• What you will do:
Going from the top of the listing below to the line that holds "Photograph of a", reproduce each line exactly; no pictures.

• Data provided:
= = =
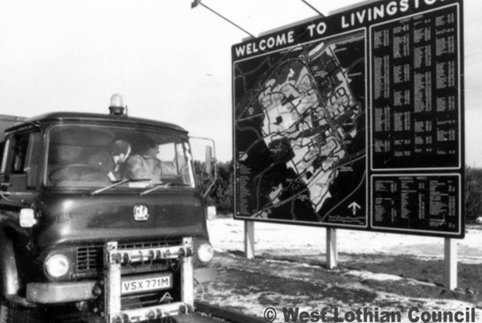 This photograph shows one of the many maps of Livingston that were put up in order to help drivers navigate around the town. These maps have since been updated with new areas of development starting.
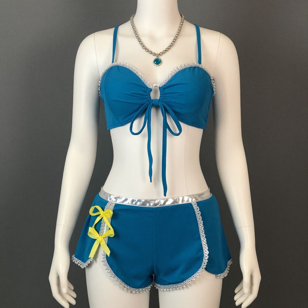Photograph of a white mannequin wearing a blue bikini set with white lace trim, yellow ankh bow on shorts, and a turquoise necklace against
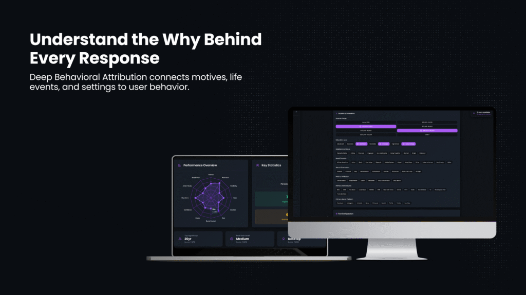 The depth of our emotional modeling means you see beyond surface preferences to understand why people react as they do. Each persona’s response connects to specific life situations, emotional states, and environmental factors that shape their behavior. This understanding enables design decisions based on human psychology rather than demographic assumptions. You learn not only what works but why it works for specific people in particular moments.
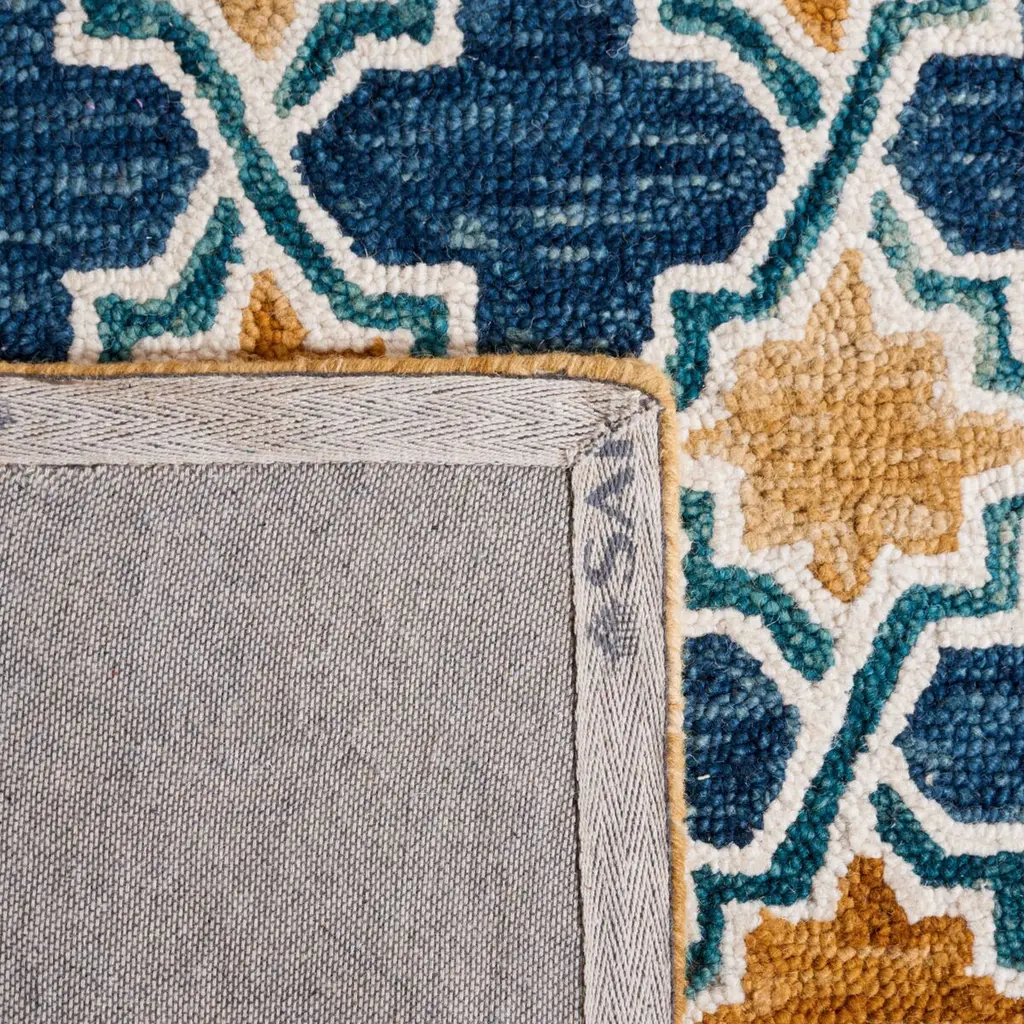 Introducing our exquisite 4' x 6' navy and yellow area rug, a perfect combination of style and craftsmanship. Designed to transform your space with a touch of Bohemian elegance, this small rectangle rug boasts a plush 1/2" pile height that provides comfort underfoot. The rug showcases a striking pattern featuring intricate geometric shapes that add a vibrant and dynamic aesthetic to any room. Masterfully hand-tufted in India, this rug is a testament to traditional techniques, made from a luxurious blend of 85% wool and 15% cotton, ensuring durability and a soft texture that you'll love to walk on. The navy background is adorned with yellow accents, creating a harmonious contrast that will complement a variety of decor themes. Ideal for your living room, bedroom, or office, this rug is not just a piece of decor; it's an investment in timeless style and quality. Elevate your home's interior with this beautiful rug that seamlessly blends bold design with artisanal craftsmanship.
= = =
• Solution to the problem:
 This photograph shows one of the many maps of Livingston that were put up in order to help drivers navigate around the town. These maps have since been updated with new areas of development starting.
Photograph of a white mannequin wearing a blue bikini set with white lace trim, yellow ankh bow on shorts, and a turquoise necklace against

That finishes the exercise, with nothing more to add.